Sa « chance » fut que la persécution l'obligea
d'aller enseigner à Téhéran, hors de l'université,
dans une salle aménagée pour lui à l'abri d'une
mosquée, où il s'adressait à un public qui
était le sien et qui se compta vite par milliers : étudiants,
mollahs, intellectuels, petites gens du quartier du Bazar, provinciaux
de passage. Chariatti eut la fin des martyrs : poursuivi, ses livres
interdits, il se livra lorsque son père fut arrêté
à sa place ; après un an de prison, il était
à peine parti pour l'exil qu'il mourut d'une mort que bien
peu en Iran acceptent de considérer comme naturelle. Le seul
nom qui fut salué l'autre jour à la grande manifestation
de Téhéran, avec celui de Khomeyni, fut celui de Chariatti.

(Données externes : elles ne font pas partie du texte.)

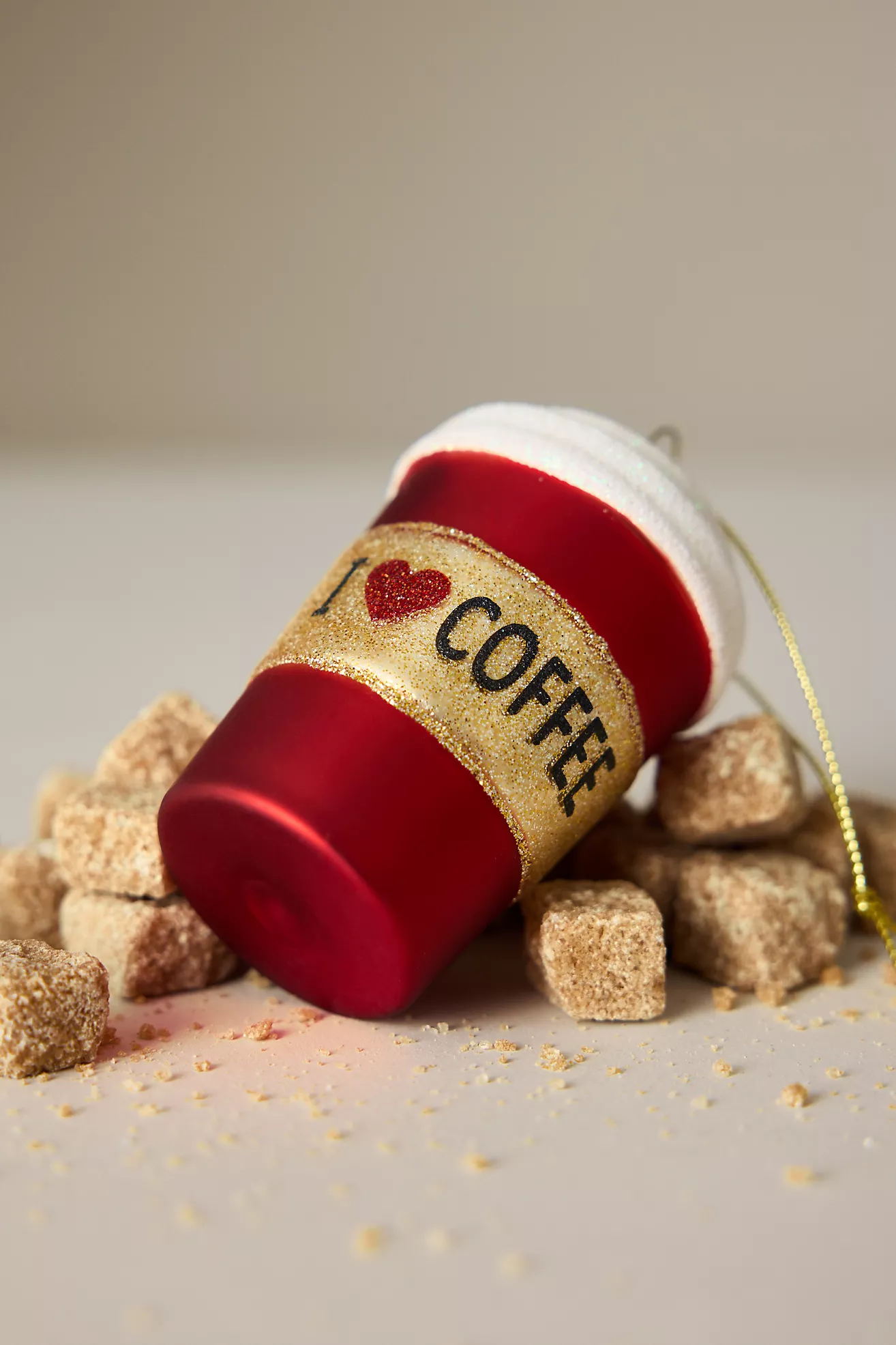 Obtenez votre dose de caféine de Noël avec cet ornement de tasse à café rouge joyeux, agrémenté d’une mousse scintillante pour une touche festive.

Je me sens embarrassé pour parler du gouvernement islamique
comme « idée » ou même comme « idéal
». Mais comme « volonté politique », il
m'a impressionné. Il m'a impressionné dans son effort
pour politiser, en réponse à des problèmes
actuels, des structures indissociablement sociales et religieuses
; il m'a impressionné dans sa tentative aussi pour ouvrir
dans la politique une dimension spirituelle.
Cette volonté politique, à court terme, pose deux
questions :
1) Est- elle assez intense ces jours- ci et sa détermination
est- elle assez claire pour empêcher la « solution Amini
* » qui a pour elle (ou contre elle, comme on voudra) d'être
acceptable par le chah, d'être recommandée par les
puissances étrangères, de tendre à un régime
parlementaire à l'occidentale et de faire à la religion
islamique une part qui serait sans doute de concession ?
2) Cette volonté est- elle assez profondément enracinée
pour devenir une donnée permanente de la vie politique en
Iran, ou bien se dissipera- t- elle comme un nuage lorsque le ciel
de la « réalité politique » se sera enfin
éclairci et qu'on pourra parler programmes, partis, constitution,
plans, etc. ?
Les hommes politiques ont beau dire : c'est la réponse à
ces deux questions qui ordonne aujourd'hui une grande part de leurs
tactiques.
Mais il y a aussi à propos de cette « volonté
politique » deux questions qui me touchent davantage.
L'une concerne l'Iran et son singulier destin. À l'aurore
de l'histoire, la Perse a inventé l'État et elle en
a confié les recettes à l'Islam : ses administrateurs
ont servi de cadres au califat. Mais de ce même Islam elle
a fait dériver une religion qui a donné à son
peuple des ressources indéfinies pour résister au
pouvoir de l'État. Dans cette volonté d'un «
gouvernement islamique » faut- il voir une réconciliation,
une contradiction ou le seuil d'une nouveauté ?
L'autre concerne ce petit coin de terre dont le sol et le sous-
sol sont l'enjeu de stratégies mondiales. Quel sens, pour
les hommes qui l'habitent, à rechercher au prix même
de leur vie cette chose dont nous avons, nous autres, oublié
la possibilité depuis la Renaissance et les grandes crises
du christianisme : une spiritualité politique. J'entends
déjà des Français qui rient, mais je sais qu'ils
ont tort **.
* Ali Amini, proche des Américains. Dans Le Monde du 10
septembre 1978, il conseillait au chah de régner sans gouverner
et de confier les affaires à un gouvernement de coalition
regroupant tous les partis d'opposition.
** L'article italien comporte ce fragment supplémentaire
: « ...moi qui sais bien peu de chose sur l'Iran ».